I. Forget Health. The FDA’s Job is to Decide How Much Melamine the Market Will Allow It is hard not to think the worst of the Bush administration. They took an outbreak of food poisoning this summer and botched it so badly that they just about killed the Mexican tomato industry---while doing a big favor for the greenhouse tomato industry, which should have seen prices fall as summer crops came in. It took local public health officials to locate the true source---peppers. Score another one for rising food prices.
Dixiegrrrrl has an excellent piece in DU today about how the FDA has sanctioned trace amounts of the plastic
melamine in our foods
http://www.democraticunderground.com/discuss/duboard.php?az=show_mesg&forum=389&topic_id=4471483&mesg_id=4471483For those who like chemistry, wiki has a nice write up about melamine here:
http://en.wikipedia.org/wiki/MelamineBasically, this chemical has lots of potential uses in fire retardants, plastics, pesticides. However, during the last few years, China has faced a severe surplus of the material and seen world prices for it drop. That is why there was so much of it lying around. Melamine itself is not particularly toxic. But note also that one of the breakdown products is
cyanuric acid, and that the parent melamine can then combine with its own breakdown product cyanuric acid (I guess you could call this incest) to produce the chemical
melamine cyanurate which forms crystals in water----and it is this crystalline compound that causes the kidney stones and kidney damage that make melamine toxic to pets and humans.

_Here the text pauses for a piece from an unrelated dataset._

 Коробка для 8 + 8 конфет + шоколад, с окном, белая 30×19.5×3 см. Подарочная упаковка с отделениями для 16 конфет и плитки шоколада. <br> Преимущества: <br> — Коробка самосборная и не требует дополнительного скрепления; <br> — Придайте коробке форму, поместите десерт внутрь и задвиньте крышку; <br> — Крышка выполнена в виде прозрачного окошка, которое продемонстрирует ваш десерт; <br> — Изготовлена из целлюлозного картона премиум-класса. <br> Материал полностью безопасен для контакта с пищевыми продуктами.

Since melamine has become dirt cheap and abundant and since it is loaded with nitrogen---which is also found in protein----Chinese food manufacturers decided to throw it in a variety of food products to make milk, gluten, eggs and other protein rich foods look extra protein rich when they are tested for their nitrogen content. If the melamine had ever been pure melamine, maybe no one would have known the difference. However, it was not pure, and it reacted with impurities. The new, toxic form of the substance killed pets and later caused an epidemic of kidney stones and renal failure in Chinese infants fed contaminated formula. Note that a long term effect of the drug can be
bladder cancer so those poor children are not home free.
One rationale for allowing trace amounts of melamine in foods is the fact that plastics can contain melamine. Food is packaged in plastic, and therefore, theoretically, tiny amounts of melamine can leech into foodstuffs from the packaging even if the food is unadulterated. However, as Dixiegrrrrl has written, the FDA’s action seems to sanction melamine contamination and other deceptive, cost saving measures practiced by China. This aids China. It also helps the U.S. food industry.
As long as food manufacturers in the U.S. know that they can get away with selling products with small amounts of poisonous contaminants, they will apply no pressure on China to clean up its act. If U.S. buyers continue to demand ridiculously low priced food stuffs out of China, with no concern about how many corners are cut to achieve the cost savings, China will continue to use its ingenuity to cuts those corners. In a few years, the FDA may have a list of a dozen or more poisons that China is allowed to add to our food supply, each in a small amount, the sum of which could well kill us---slowly of course, since neither Chinese nor American businessmen want to lose their market.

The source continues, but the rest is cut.